Medical practitioners have power over their patients, largely because of the threat that ill health poses to individual survival. Whatever their behaviour the technical processes will lead to some kind of result. Psychological practitioners don’t have similar power. The threat of psychological challenges is perceived not to be as strong. Therefore the behaviour of psychologists plays a huge part in influencing how far their client will progress in revealing and in restoration, as there isn’t the same threatening imperative to reveal in order to survive.

Patients and clients both suffer fear. Patients with a physical condition are fearful of the threat their condition poses to their lives. Clients with a psychological challenge are fearful of the consequences of revelation on their reception by society – communities, neighbours, friends, family, institutions.

Medical practitioners use the strategy of imposition with their patients. It’s a choice but the choice is often take it or leave it. Psychological practitioners use the strategy of conviction – they need to convince their clients about their authenticity to intervene with their client. Their clients are not recipients of an imposed solution; they are participants in their own discovery and restoration. Clients have to, somehow, abandon their fear and open their mind.

There are two sub-strategies to the strategy of conviction – the rational/empirical strategy based on reasoned argument, and the normative/re-educative strategy based on example. These can be used separately or in combination.

For clients to abandon fear and have an open mind they need to trust their psychologist. Trust is the absence of second guessing the motivation of others, to a point when you accept at face value what the other person says and does, without question. Medical practitioners tend to be trusted by patients, largely because they deal with a subject that is far removed from our normal understanding and want the threat to our survival lifted. They are accepted experts, hence their power and ability to use the strategy of imposition. Not so with psychology. Everyone believes they are a psychologist. Clients only believe you have expertise when you reveal something they regard as insightful. If you don’t achieve this, clients will view you like they view their doctor, as a technician.

A key attribute and behaviour in this process is attentiveness. Psychologists want to provoke the strong reciprocity properties that attentiveness possesses, so that the interaction can optimise its chances of a successful outcome. One of the triggers of attentiveness is asking or sharing something unique between the parties. In other words – to provide an example of an experience that is unique to both.

Jamie Hacker Hughes and Peter Kinderman are highly respected leaders and clinicians in their field. The fact they have revealed, rather than concealed, events in their lives that are examples of experiences relevant to their clients only serves to help the process of a successful outcome. They have revealed in a public space because they are leaders, hoping to inspire followers to do the same.
Of course, there is the bigger picture. The element of fear that those with psychological challenges face is currently justified by the general reaction to revelation.

Dr Lindsay’s reaction is an illustration. The antidote is more revelation, not less.

Derek Mowbray PhD, CPsychol, FBPsS
Director, MAS

 

As clinical psychologists who have a diagnosis of autism, we are grateful for Dr Roger Lindsay’s sceptical letter in February’s edition. As he suspects, we have found it personally beneficial to disclose our own diagnoses, and are encouraged by colleagues’ recent disclosures of their mental health challenges. We also see such disclosures as having more a general purpose, which would not be adequately served by hiding them on a dedicated website, tempting as that may be. After all, the hole into which King Midas’s barber whispered the secret of the king’s asses ears failed as a confidential confessional, because the secret echoed through the land until everyone knew it. In a modern retelling of the myth Dr Lindsay cited (Maddern, 2004) the shameful secret lost its stigma once it was no longer secret.

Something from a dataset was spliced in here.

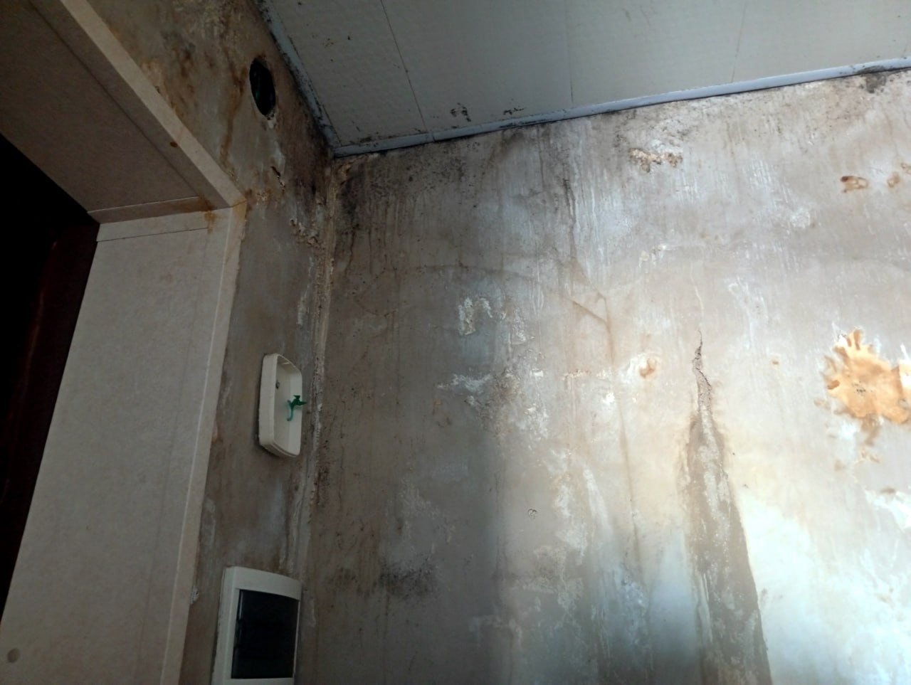 По просьбе жильцов, Александр Черников проверил состояние кровли в доме. Замечания поступили о протечках в первом подъезде. В квартире на 9 этаже были выявлены следы воды, которая, по словам жильцов, достигает 8-го этажа.
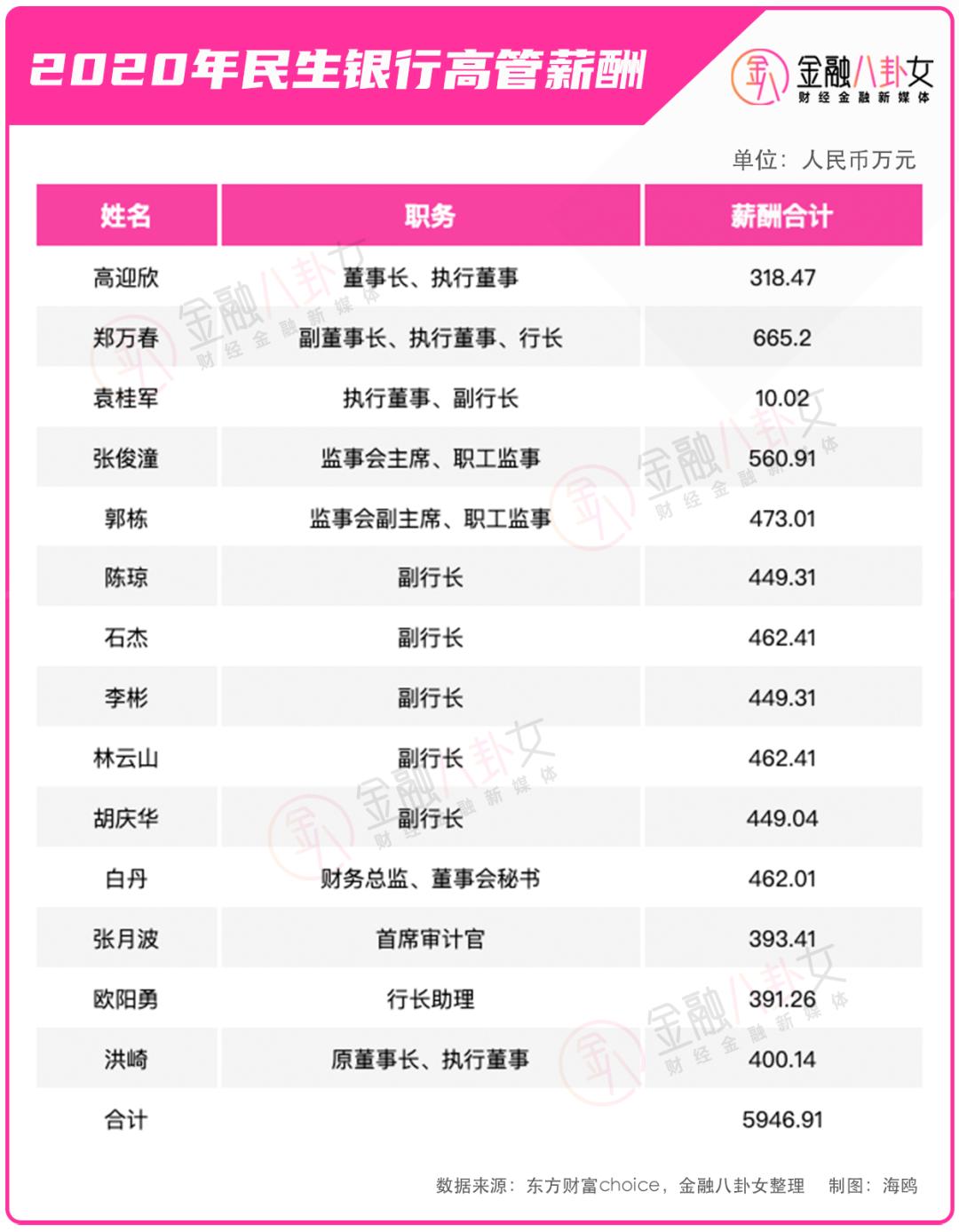 后面这几年,不光是董事长和总经理,民生银行的高管各个都是高薪,史玉柱还在微博上喷过,说以董事长为首的管理层的收入,必须与公司市值挂钩。他没打出来的文字是:这股价连续跌了五年,怎么你们还能人人四百多万的年薪?

And the problem is that disabilities still hold stigma. Like others, we at times have asserted that our autism make us better clinicians. In doing so, we have not intended to claim that we are better at our jobs than colleagues without a developmental disorder. Rather, the main purpose of disclosure is to challenge the prevailing assumption that a diagnosis makes us worse at our jobs or even disqualifies us from them. It is good to know that Dr Lindsay for one has never made such an assumption. We have met it at various stages in our careers. We also know numerous colleagues with developmental disorders who, because of their disabilities, have had to overcome more than the usual barriers to further qualification and training in caring professions, or who still repeatedly face such barriers, or who fear the barriers they would face were they to disclose. We regret that some potentially good practitioners are being lost to psychology and related professions.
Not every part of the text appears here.